4. Experimental methodology
The investigation engine used was computerised a single cylinder, four strokes, water cooled, direct injection Kirloskar TV1 model supplied from APEX Innovation Ltd at sangli, for research purpose diesel engine was modified to operate in HCCI mode. External mixture formation technique (Port Fuel Injection system with biodiesel fuel vaporiser) was adopted. The photographical view & schematic diagram of the experimental setup had shown in and .
Figure 3. Photographical view of the experimental setup.
Figure 4. Schematic diagram of the experimental setup.
The engine test bench was prepared with
Fuel vaporiser.
Electronic control unit to control port fuel injection (PFI) injector.
Exhaust gas recirculation (EGR) system.
Data acquisition system and crank angle encoder.
Pressure transducer
The properties of waste plastic pyrolysis oil are presented in . The engine parameters are specified in .

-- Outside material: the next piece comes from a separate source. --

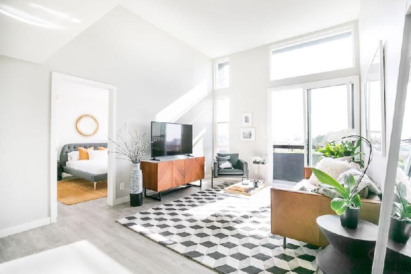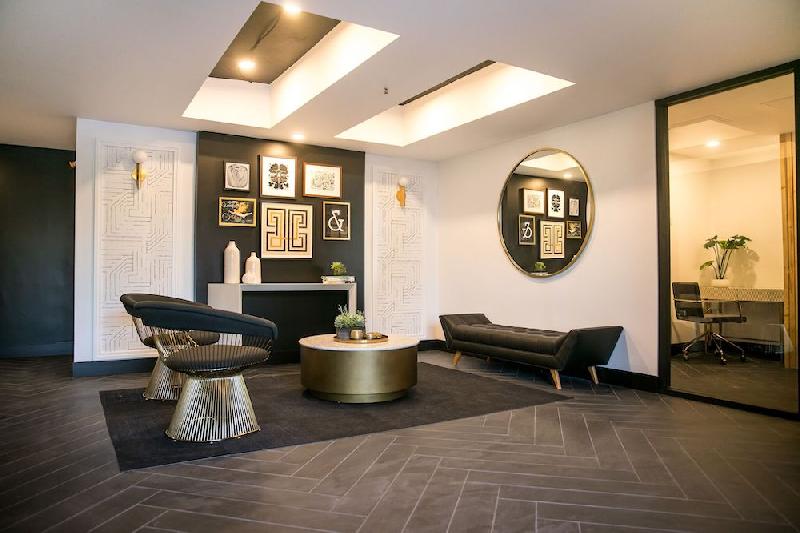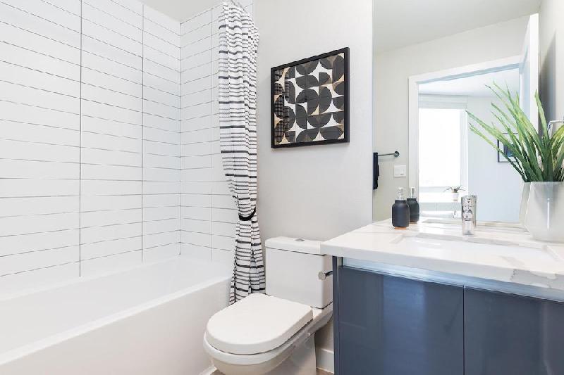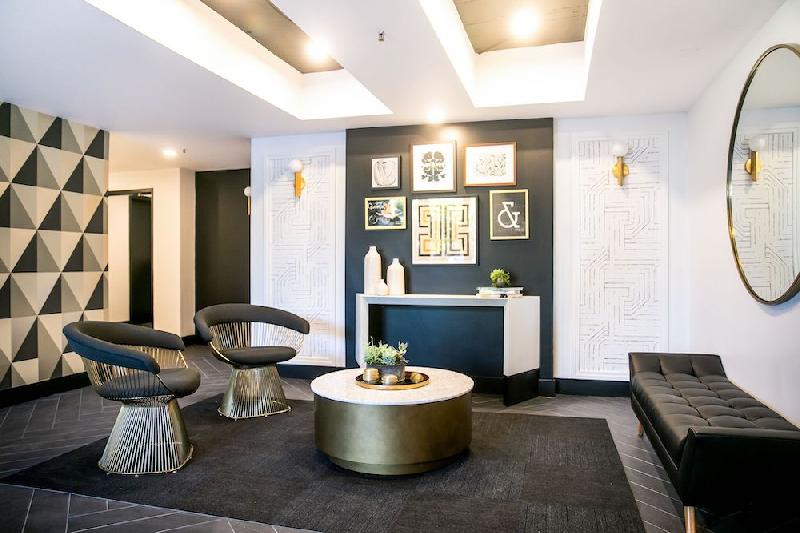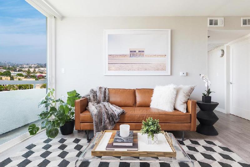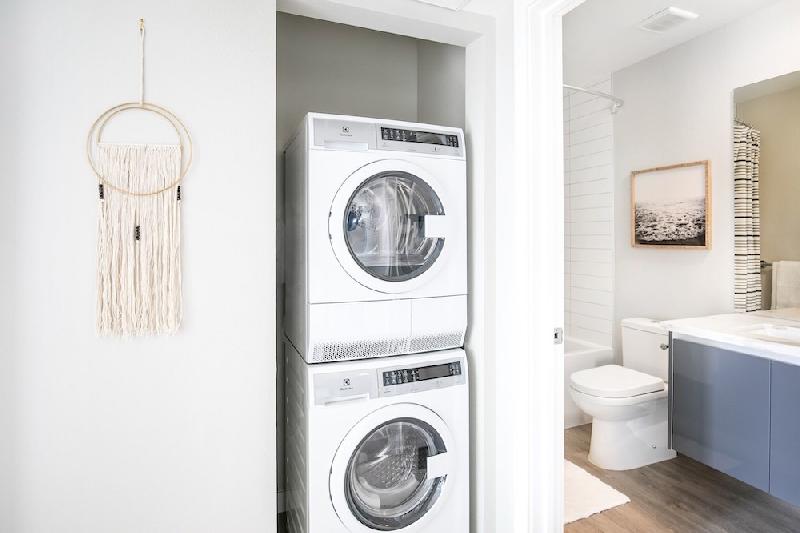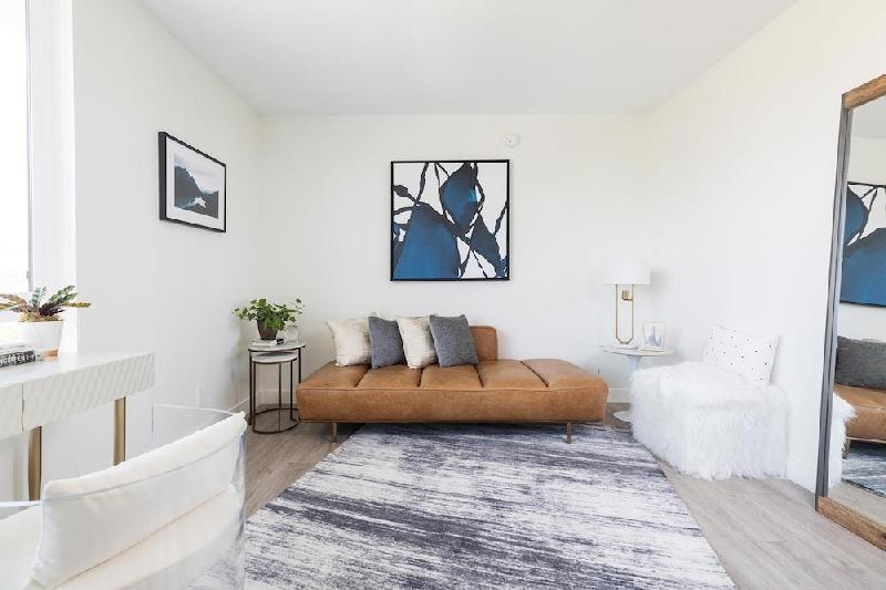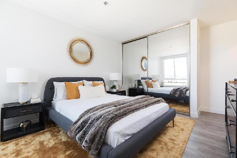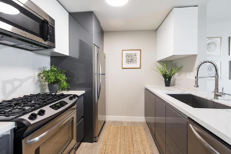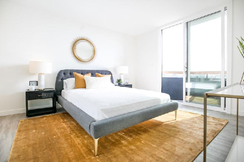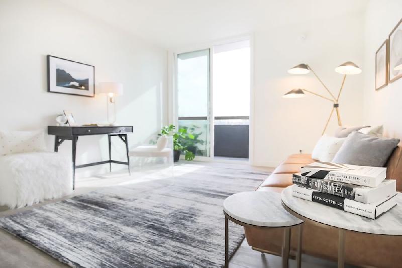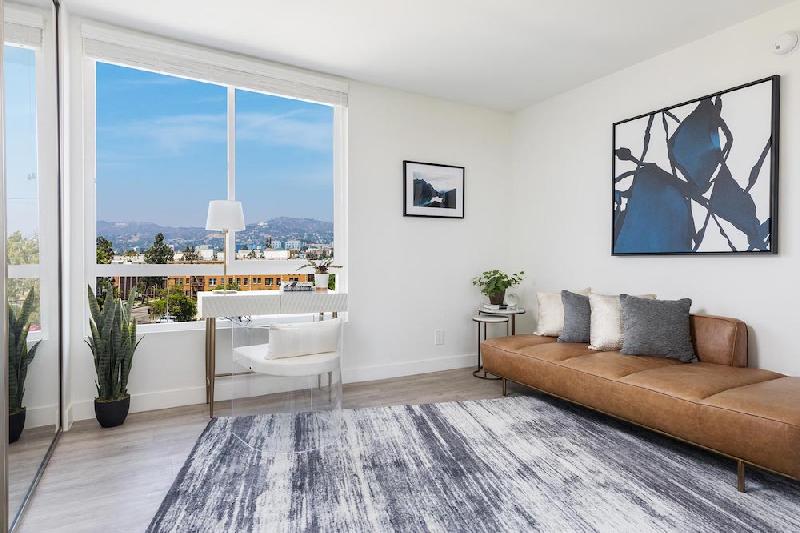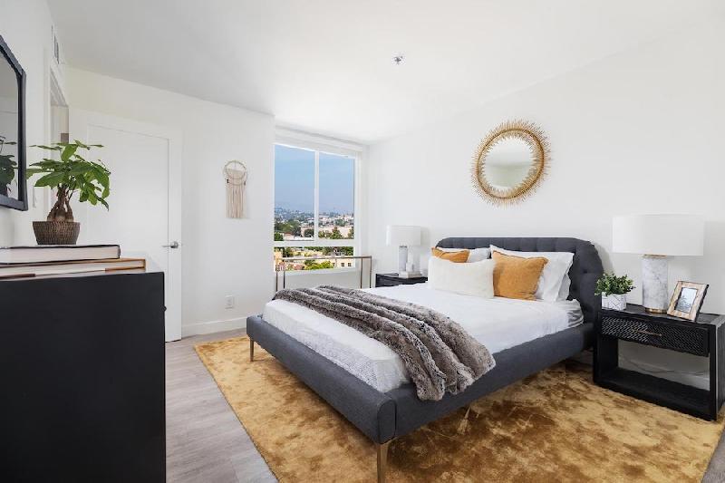 Each impeccably designed, light-filled two-bedroom apartment home features a private balcony, an in-unit washer and dryer, Central HVAC, and a host of designer finishes including quartz countertops and vanities, custom-tiled baths, wood-style flooring, and stainless steel kitchen appliances. Here, tastemakers, pet parents and active Angelenos enjoy stylish finishes, private balconies and well-appointed social spaces.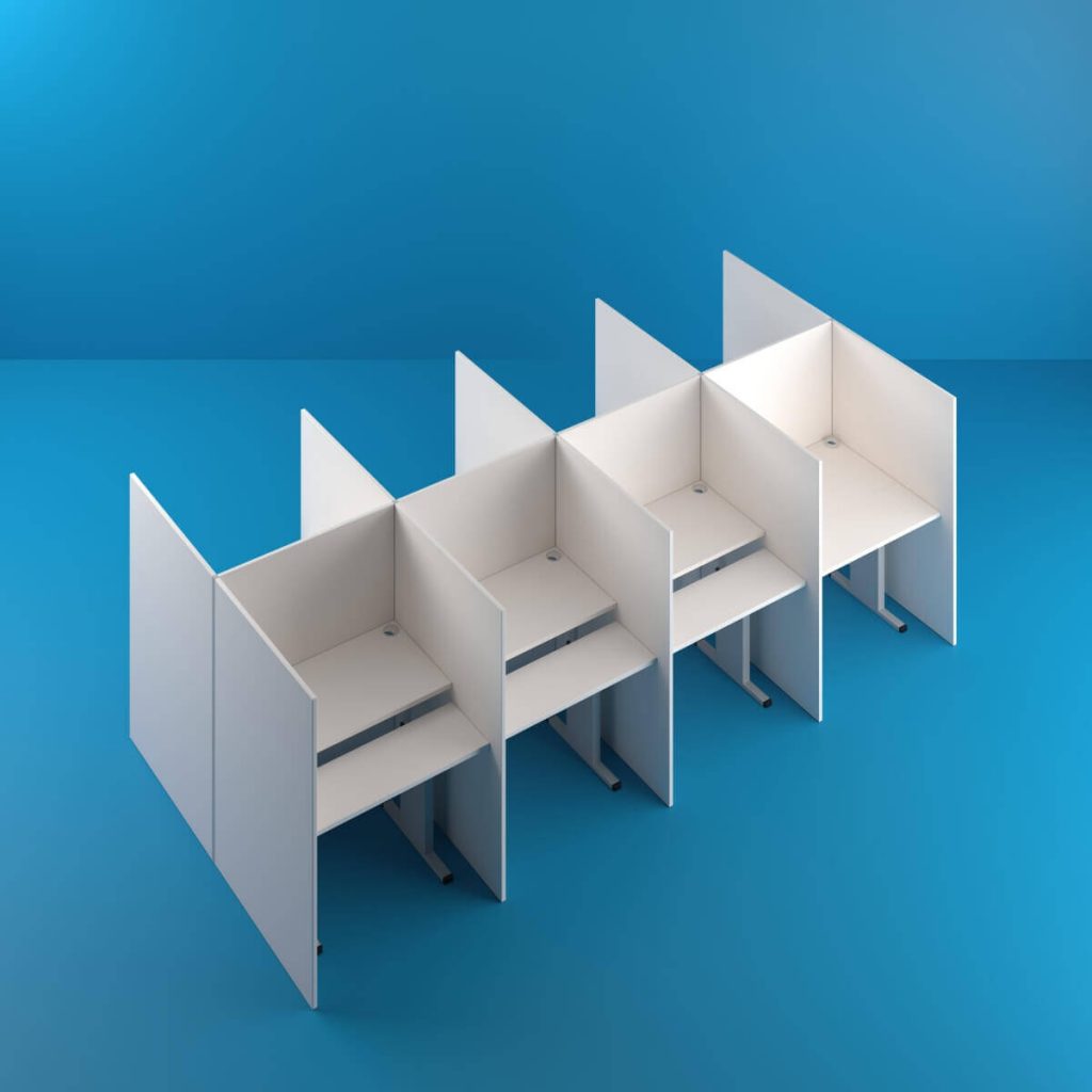 Mesas para Call Center, por exemplo, devem contar com passagem para cabos, divisórias adequadas e dimensões pensadas para facilitar o fluxo de trabalho. Um posto de atendimento desorganizado afeta a produtividade e a percepção do cliente final.

Figure 5. Schematic diagram of biodiesel fuel vaporiser.
Figure 6. Photo graphical view of ECU.
Table 1. Properties of diesel and waste plastic pyrolysis oil.
Table 2. Experimental engine specifications.
The fuel vaporiser comprises of a heating component, ceramic pipe and stainless steel pipe of diameter 30 mm. The length of the fuel vaporiser is 140 mm and warm-up time is 6 min. The nichrome warming wire is twisted over the ceramic pipe for warming alone.
The specifications and schematic diagram of the biodiesel fuel vaporiser are shown in and . The Port Fuel Injection (PFI) (up to 4 bars) was climb on the highest point of the fuel vaporiser to supply the right amount of fuel to the vaporiser. The PFI was restrained by an electronic control unit (ECU) and the photographical view shown in . The electronic control unit (ECU) controls both the timing and amount of the fuel. The experiments conducted with constant speed (1500 rpm) and different load conditions i.e. 25%, 50%, 75% and 100% and without EGR, with 5%, 10%, 15% EGR.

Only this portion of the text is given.